Майор в уме посчитал, сколько ему осталось дней до доклада и, козырнув, вышел из штаба.
На следующий день все региональные газеты пестрели сообщениями о том, что комиссия по примирению добилась начала процесса возвращения в мирную жизнь боевиков, не запятнавших себя кровью, и ставили под сомнение проведение силовых операций, не дающих положительного результата. Это преподносилось как победа здравого смысла над порочной практикой преследования граждан за их убеждения и возможность возвращения в мирную жизнь десятков, а то и сотен молодых людей, не нашедших себя в современном обществе. К вечеру, уже на телевидении, появились репортажи о сдаче властям нескольких боевиков, находившихся в розыске. Министр понял, что прокурор переиграл его, и тщательно готовившаяся операция оказалась, таким образом, под угрозой срыва, а затем и вовсе свернулась. Большинству населения, уставшему от убийств и взрывов, действительно хотелось мира и покоя, но процесс этот требовал огромной и терпеливой работы, к которой органы правопорядка, как оказалось, не были готовы. Сдавшихся властям людей беспокоили постоянными проверками и обысками, и вскоре они снова ушли в подполье, а строптивый прокурор района был обвинен в краже двух автоматов, пропавших еще задолго до назначения его на этот пост, и уволен с работы. Несколько лет он доказывал свою правоту в судах и все-таки добился оправдательного приговора, но так на службу и не вернулся – пришло время ястребов. Новый глава региона, назначенный вместо старого, хотя и слыл порядочным человеком, но пил, не просыхая, бросив все дела на силовых министров, и вскоре все вернулось на круги своя.
* * *
Служебная машина помощника министра довезла майора до его дома. Поблагодарив водителя и попрощавшись с ним, майор поднялся к себе домой. Было уже далеко за полночь, в дороге он немного устал от тряски и необходимости выслушивать бесчисленные истории помощника министра, которые сыпались из него как из рога изобилия, по пути он рассказал ему все министерские новости, заодно не забыв упомянуть о грядущих перестановках в министерстве, но все же ему было необходимо проанализировать ситуацию и просчитать свои дальнейшие действия. И теперь, оставшись один в своей квартире, майор, удобно растянувшись на диване, включив телевизор, смотрел фильм, транслировавшийся на первом же попавшемся канале, потягивая коньяк из подарочного набора, преподнесенного ему на день рождения сослуживцами, обдумывал свои планы на последующие дни.
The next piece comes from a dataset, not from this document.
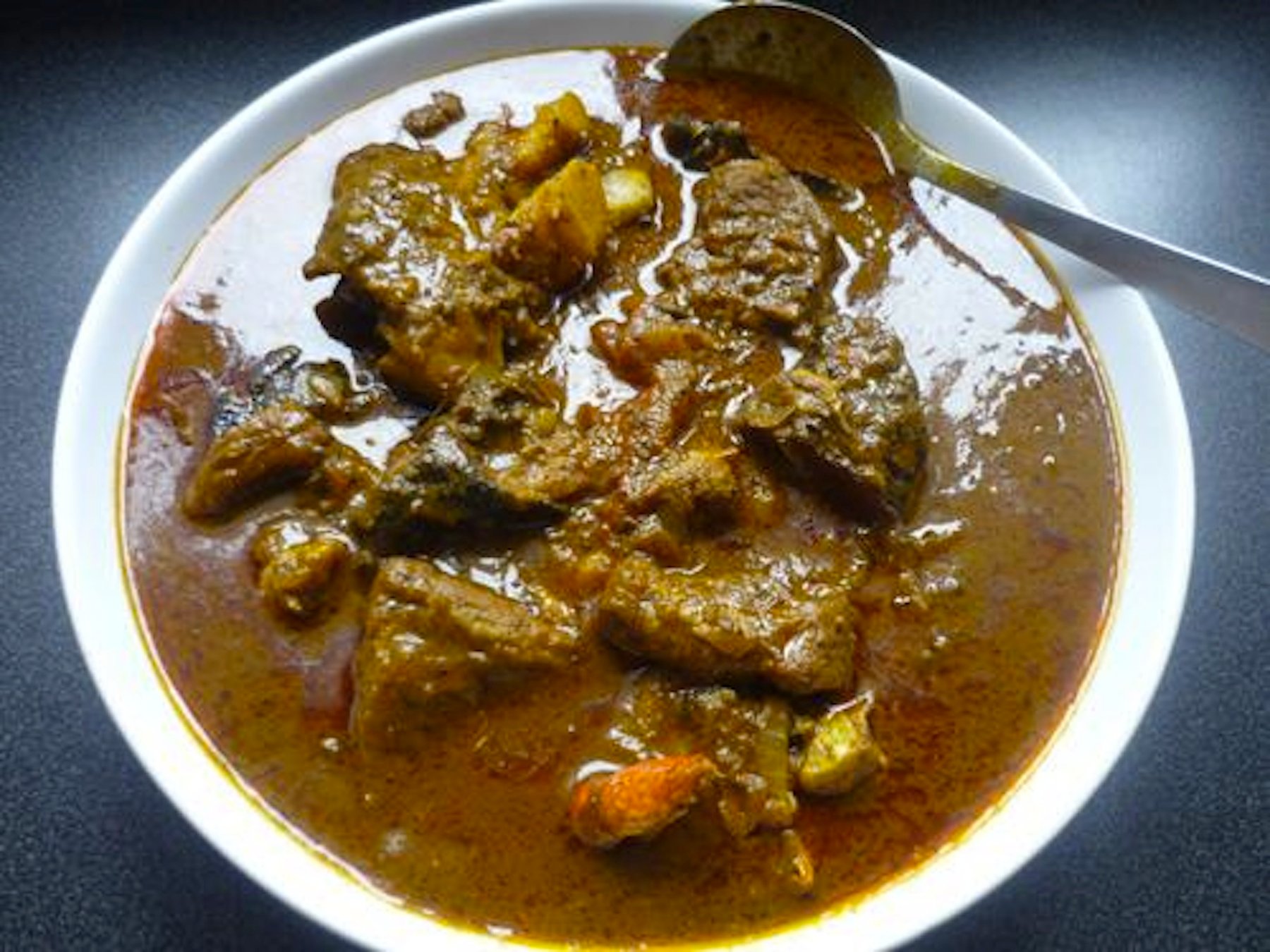 It is cooked together with beef or mutton, flavored with dried shrimp powder, smoked fish, crabs or snails

Ничего дельного и путного в голову не приходило, учителя уговорить не удалось пока, и то, что вообще удастся его склонить на свою сторону, было под большим вопросом. Вариант со скоропостижной смертью требовал определенных жертв. Свалить на охранников не удастся, разве только на доктора. Да, действительно, доктор лучше всего подходил для этой роли и был той разменной фигурой, которой следовало пожертвовать в случае опасности. Но как это сделать? Допустим, доктор даст ему что-то, чтобы отправить липового Магомедова на тот свет. Тогда, думал он, выходит два варианта; либо доктор по халатности дал что-то такое, приведшее к летальному исходу, либо оказался завербован подпольем и устранил ненужного свидетеля. Постепенно варианты придуманных версий складывались в определенные конструкции и, отметив про себя, что времени еще достаточно, он лег спать. Выпитый коньяк и усталость сделали свое дело, и вскоре майор провалился в глубокий сон…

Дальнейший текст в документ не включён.